> What you need to do
Before printing the listing, strip out its pictures and keep everything else exact.

> Dataset excerpt
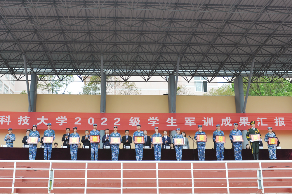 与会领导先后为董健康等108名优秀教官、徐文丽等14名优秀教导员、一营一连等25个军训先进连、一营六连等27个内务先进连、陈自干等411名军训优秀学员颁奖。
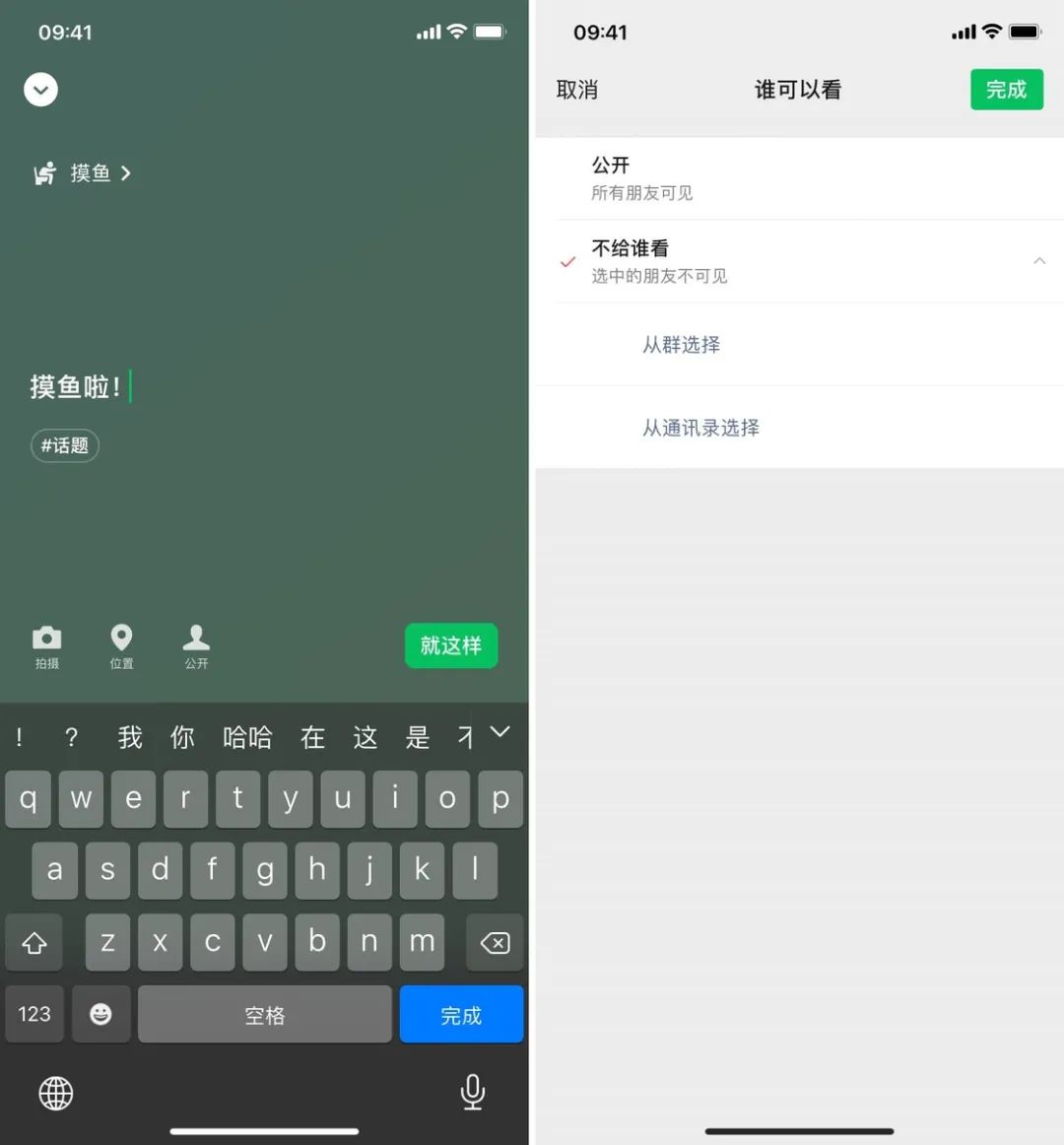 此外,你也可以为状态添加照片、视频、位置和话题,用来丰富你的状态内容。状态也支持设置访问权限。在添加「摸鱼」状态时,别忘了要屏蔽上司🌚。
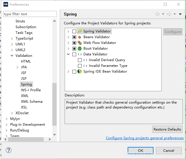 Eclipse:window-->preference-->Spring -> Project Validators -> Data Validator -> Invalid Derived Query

> Result of this exercise
 与会领导先后为董健康等108名优秀教官、徐文丽等14名优秀教导员、一营一连等25个军训先进连、一营六连等27个内务先进连、陈自干等411名军训优秀学员颁奖。
 此外,你也可以为状态添加照片、视频、位置和话题,用来丰富你的状态内容。状态也支持设置访问权限。在添加「摸鱼」状态时,别忘了要屏蔽上司🌚。
 Eclipse:window-->preference-->Spring -> Project Validators -> Data Validator -> Invalid Derived Query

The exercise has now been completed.